Network Programming: Web databases

What is a Web Database?

A web database is an organized listing of web pages. It's like the card catalog that you might find in the library. The database holds a "surrogate" (or selected pieces like the title, the headings, etc.) for each web page. The creation of these surrogates is called "indexing", and each web database does it in a different way. Web databases hold surrogates for anywhere from 1 to 30 million web pages. The program also has a search interface, which is the box you type words into (like in Alta Vista or Lycos) or the lists of directories you pick from (like in Yahoo). Thus, each web database has a different indexing method and a different search interface.

Data Organization

Web databases enable collected data to be organized and cataloged thoroughly within hundreds of parameters. The Web database does not require advanced computer skills, and many database software programs provide an easy "click-and-create" style with no complicated coding. Fill in the fields and save each record. Organize the data however you choose, such as chronologically, alphabetically or by a specific set of parameters.

Web Database Software

Web database software programs are found within desktop publishing programs, such as Microsoft Office Access and OpenOffice Base. Other programs include the Webex WebOffice database and FormLogix Web database. The most advanced software applications can set up data collection forms, polls, feedback forms and present data analysis in real time.

Applicable Uses

Businesses both large and small can use Web databases to create website polls, feedback forms, client or customer and inventory lists. Personal Web database use can range from storing personal email accounts to a home inventory to personal website analytics. The Web database is entirely customizable to an individual's or business's needs.

Methods of Indexing

There are three methods of indexing used in web database creation - full-text, keyword, and human.

Full-Text Indexing

As its name implies, full-text indexing is where every word on the page is put into a database for searching. Alta Vista and Open Text are examples of full-text databases. Full-text indexing will help you find every examples of a reference to a specific name or terminology. However, a general topic search will not be very useful in these database, and you will have to dig through a lot of "false drops" (or returned pages that have nothing to do with your search).

Keyword Indexing

In keyword indexing, only the "important" words and phrases are put into the database. Lycos and Excite are keyword indexed. This allows a searcher to search on more general subjects and have more accurate results. However, if a name is only mentioned once or twice on a page, it won't be included in the database.

Human Indexing

Yahoo and some of Magellan are two of the few examples of human indexing. In the above two indexing, all of the work was done by a computer program called a "spider" or a "robot". In human indexing, a person examines the page and determines a very few key phrases that describe it. This allows for the user to find a good start of works on a topic - assuming that the topic was picked by the human as something that describes the page. This is how the directory-based web databases are developed.

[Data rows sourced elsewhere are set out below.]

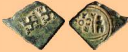
Lot # 1

Swastika Coin, Ancient Saurashtra (Gujarat), c. 50 BC, Copper, 7.05 g, anonymous, uninscribed, typical Ujjayini-type motifs depicting Lord Mahakaal (the deadly Form of Lord Shiva as a God of Death) holding a staff (Danda) and a water-pot (Kamandalu),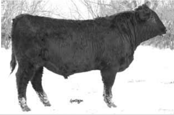
FV 308M KING 445T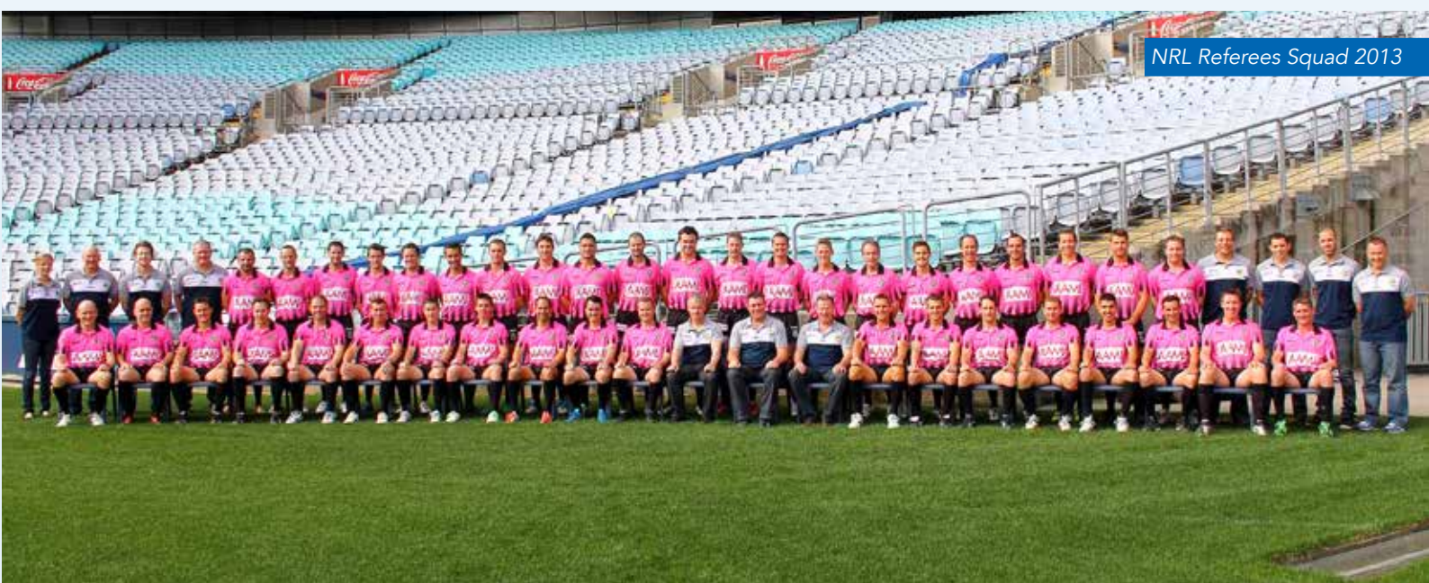
NRL Referees Squad 2013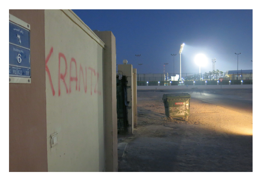
Floodlights blaze at the nearby Al Khor football stadium, while the lights are off at the Krantz accommodation

When Amnesty International researchers visited the camp on 13 March, there was no air conditioning or lighting and the men were using candles and torches. On 15 March Krantz moved the workers from Al Khor to another camp with power.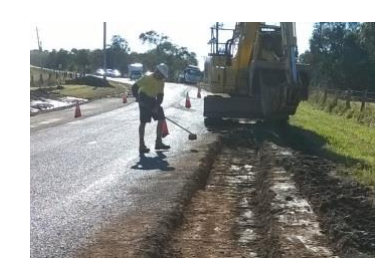
Red Rock cycleway construction

city centre and the Base Hospital/Boambee, along Solitary Island Way at Sandy Beach, and the commencement of stage one of a new shared footpath/cycleway along Red Rock Road from Corindi Primary School to the southern boundary of Yuraygir National Park.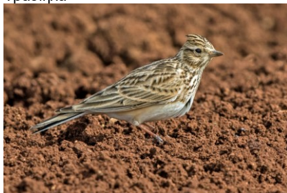
Eurasian Skylark, Mandria, 27 th January.

EURASIAN SKYLARK Alauda arvensis Τρασιήλα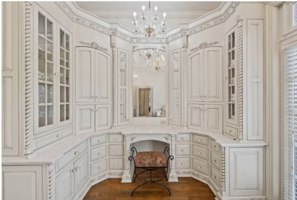
Vanity room with intricately trimmed built-in cabinetry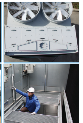
Internal service platforms*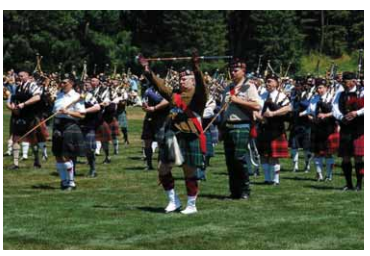
Some of the clans in the parade.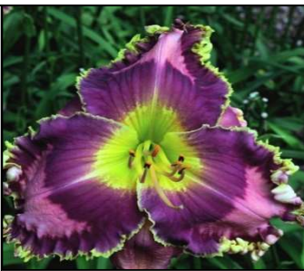
BYZANTINE SMILE 38",Tet,6.50",Evr,EM,Re PIERCE 2014 $35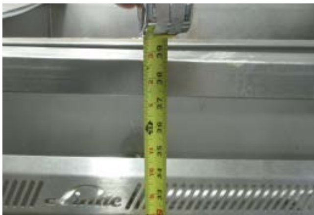
Figure 3. Top rail height on platform. It's not known how the victim entered the vat, but evidence suggests that he fell over the railing.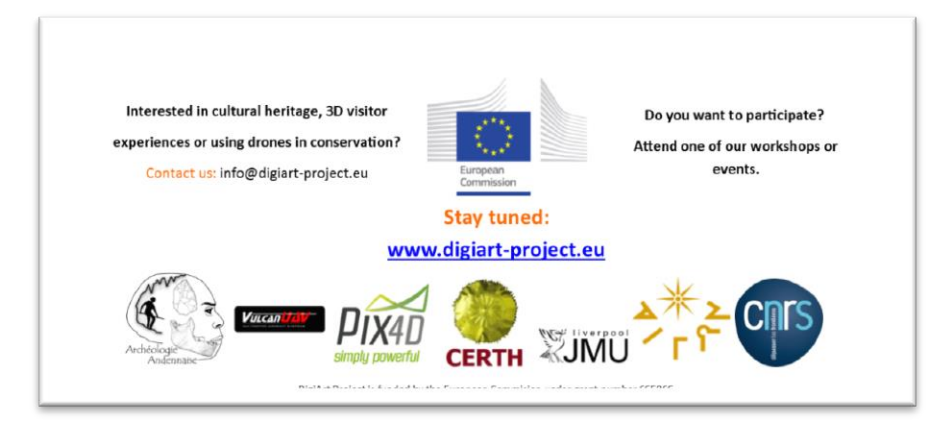
Figure 6 - Project flyer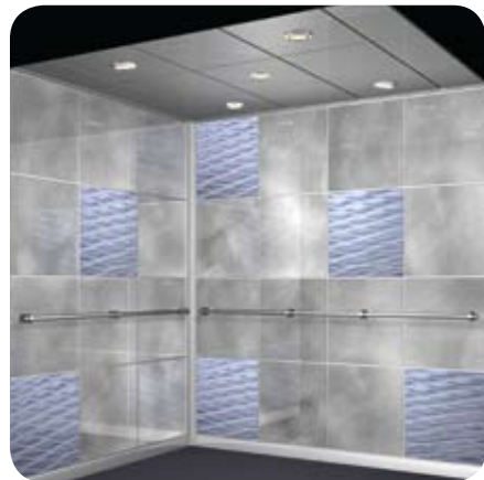
EL200 Square panels Maximum versatility for accents

Spiders, Robots, or People

How do the web databases select which pages are indexed? As there is no centralized Internet computer, there's no one place where these services can learn about new pages. Thus, many services use automated programs called "spiders" or "robots" that travel from site to site, looking for new WWW pages. Some spiders only go to the "What's New" or the "What's Hot" pages and use those for indexing the "popular" sites. Others methodically examine every link leading from a page, and every link leading from that page, and so on... In some cases, people examine the pages brought back from these programs, and don't index the pages that don't meet certain criteria. So, these tools create three classes of web databases - those that look at all WWW pages, those that examine popular WWW pages, and those that examine quality web pages.